*** Opening of Data records ***

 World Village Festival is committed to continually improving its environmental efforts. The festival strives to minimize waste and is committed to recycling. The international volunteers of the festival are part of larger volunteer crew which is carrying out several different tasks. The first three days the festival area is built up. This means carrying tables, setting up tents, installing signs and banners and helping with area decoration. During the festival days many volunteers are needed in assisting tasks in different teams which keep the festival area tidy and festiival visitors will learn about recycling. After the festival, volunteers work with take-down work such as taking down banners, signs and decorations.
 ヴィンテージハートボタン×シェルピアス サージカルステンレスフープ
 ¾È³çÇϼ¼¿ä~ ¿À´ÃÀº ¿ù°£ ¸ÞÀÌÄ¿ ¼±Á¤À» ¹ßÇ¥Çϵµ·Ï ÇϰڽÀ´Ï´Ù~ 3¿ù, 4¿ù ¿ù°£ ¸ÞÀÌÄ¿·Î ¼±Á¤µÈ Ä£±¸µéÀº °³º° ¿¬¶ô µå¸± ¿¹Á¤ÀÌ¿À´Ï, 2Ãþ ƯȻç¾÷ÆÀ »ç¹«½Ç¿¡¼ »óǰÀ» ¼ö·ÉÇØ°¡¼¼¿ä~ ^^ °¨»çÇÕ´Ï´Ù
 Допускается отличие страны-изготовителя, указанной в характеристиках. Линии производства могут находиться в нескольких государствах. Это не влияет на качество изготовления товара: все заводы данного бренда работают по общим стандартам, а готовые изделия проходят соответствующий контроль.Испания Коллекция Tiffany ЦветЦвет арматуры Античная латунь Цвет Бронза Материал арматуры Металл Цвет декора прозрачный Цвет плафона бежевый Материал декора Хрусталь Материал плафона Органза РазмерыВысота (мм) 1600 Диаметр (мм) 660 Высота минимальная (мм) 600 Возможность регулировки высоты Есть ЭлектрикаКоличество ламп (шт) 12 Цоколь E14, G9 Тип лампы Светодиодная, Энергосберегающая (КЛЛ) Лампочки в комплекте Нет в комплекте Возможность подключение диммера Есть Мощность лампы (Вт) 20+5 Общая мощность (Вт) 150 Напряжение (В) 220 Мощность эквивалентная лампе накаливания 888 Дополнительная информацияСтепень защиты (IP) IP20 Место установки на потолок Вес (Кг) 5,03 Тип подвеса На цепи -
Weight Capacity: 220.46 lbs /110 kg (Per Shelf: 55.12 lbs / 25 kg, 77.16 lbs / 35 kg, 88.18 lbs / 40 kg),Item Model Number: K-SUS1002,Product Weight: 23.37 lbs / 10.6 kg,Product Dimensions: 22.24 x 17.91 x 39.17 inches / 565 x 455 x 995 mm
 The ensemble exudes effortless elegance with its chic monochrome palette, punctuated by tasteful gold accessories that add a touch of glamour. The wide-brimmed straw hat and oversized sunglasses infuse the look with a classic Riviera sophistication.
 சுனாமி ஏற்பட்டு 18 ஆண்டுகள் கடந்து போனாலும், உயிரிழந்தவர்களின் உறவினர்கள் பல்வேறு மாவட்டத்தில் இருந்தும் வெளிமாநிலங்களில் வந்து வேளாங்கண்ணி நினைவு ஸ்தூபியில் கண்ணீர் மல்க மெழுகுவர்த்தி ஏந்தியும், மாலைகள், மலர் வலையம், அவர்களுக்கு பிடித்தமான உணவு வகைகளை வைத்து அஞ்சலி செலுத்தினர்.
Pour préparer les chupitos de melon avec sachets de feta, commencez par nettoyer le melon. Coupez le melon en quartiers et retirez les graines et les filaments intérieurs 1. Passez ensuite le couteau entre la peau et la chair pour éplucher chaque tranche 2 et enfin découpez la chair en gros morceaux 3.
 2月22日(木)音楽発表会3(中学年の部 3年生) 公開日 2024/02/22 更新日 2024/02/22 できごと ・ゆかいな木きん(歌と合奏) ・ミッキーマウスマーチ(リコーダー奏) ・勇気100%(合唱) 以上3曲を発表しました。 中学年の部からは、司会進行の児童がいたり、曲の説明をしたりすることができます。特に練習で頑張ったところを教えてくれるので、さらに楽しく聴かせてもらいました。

*** Close of Data records ***
*** Opening of Data records ***

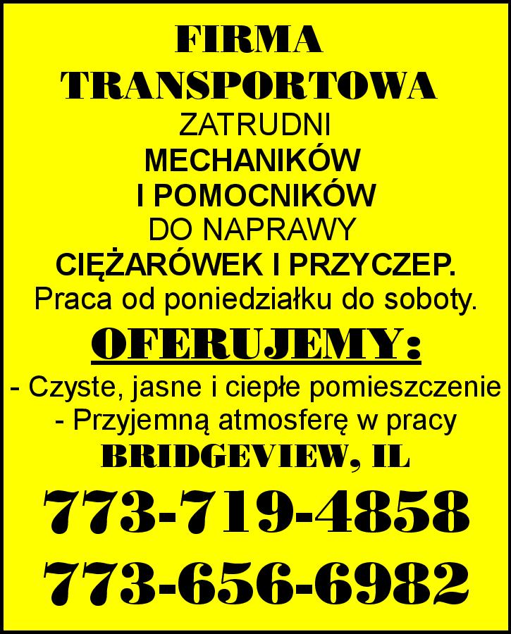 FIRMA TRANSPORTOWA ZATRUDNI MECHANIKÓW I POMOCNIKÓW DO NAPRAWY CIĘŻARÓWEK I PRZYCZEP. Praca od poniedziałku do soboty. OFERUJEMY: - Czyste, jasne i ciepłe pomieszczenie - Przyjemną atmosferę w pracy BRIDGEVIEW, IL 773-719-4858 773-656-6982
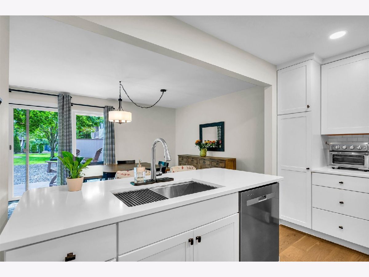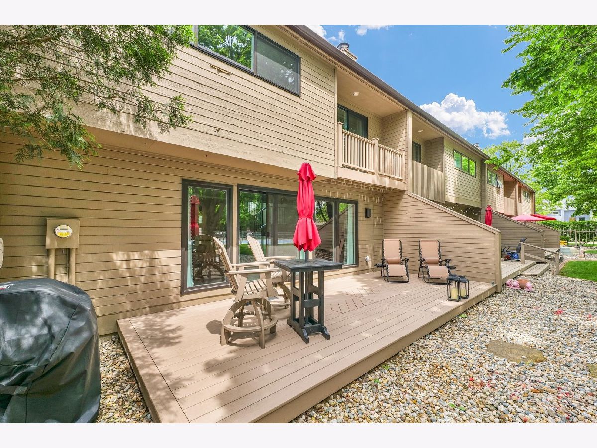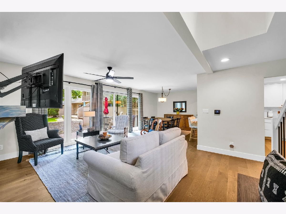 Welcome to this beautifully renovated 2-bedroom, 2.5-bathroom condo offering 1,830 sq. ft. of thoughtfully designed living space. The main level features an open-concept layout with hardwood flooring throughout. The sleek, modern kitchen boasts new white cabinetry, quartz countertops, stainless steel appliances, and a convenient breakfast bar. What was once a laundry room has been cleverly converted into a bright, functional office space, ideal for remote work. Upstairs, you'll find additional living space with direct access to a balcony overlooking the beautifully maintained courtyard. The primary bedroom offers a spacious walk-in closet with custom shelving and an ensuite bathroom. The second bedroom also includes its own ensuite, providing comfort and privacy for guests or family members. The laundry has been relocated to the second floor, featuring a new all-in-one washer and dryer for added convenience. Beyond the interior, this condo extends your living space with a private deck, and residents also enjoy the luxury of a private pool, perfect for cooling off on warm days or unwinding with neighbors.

*** Close of Data records ***

Work item:
Retype only this portion of the data above: the line containing "Pour préparer les", the line containing "2月22日(木)音楽発表会3(中学年の部 3年生) 公開日", and all lines between them, exactly.

Exercise output:
Pour préparer les chupitos de melon avec sachets de feta, commencez par nettoyer le melon. Coupez le melon en quartiers et retirez les graines et les filaments intérieurs 1. Passez ensuite le couteau entre la peau et la chair pour éplucher chaque tranche 2 et enfin découpez la chair en gros morceaux 3.
 2月22日(木)音楽発表会3(中学年の部 3年生) 公開日 2024/02/22 更新日 2024/02/22 できごと ・ゆかいな木きん(歌と合奏) ・ミッキーマウスマーチ(リコーダー奏) ・勇気100%(合唱) 以上3曲を発表しました。 中学年の部からは、司会進行の児童がいたり、曲の説明をしたりすることができます。特に練習で頑張ったところを教えてくれるので、さらに楽しく聴かせてもらいました。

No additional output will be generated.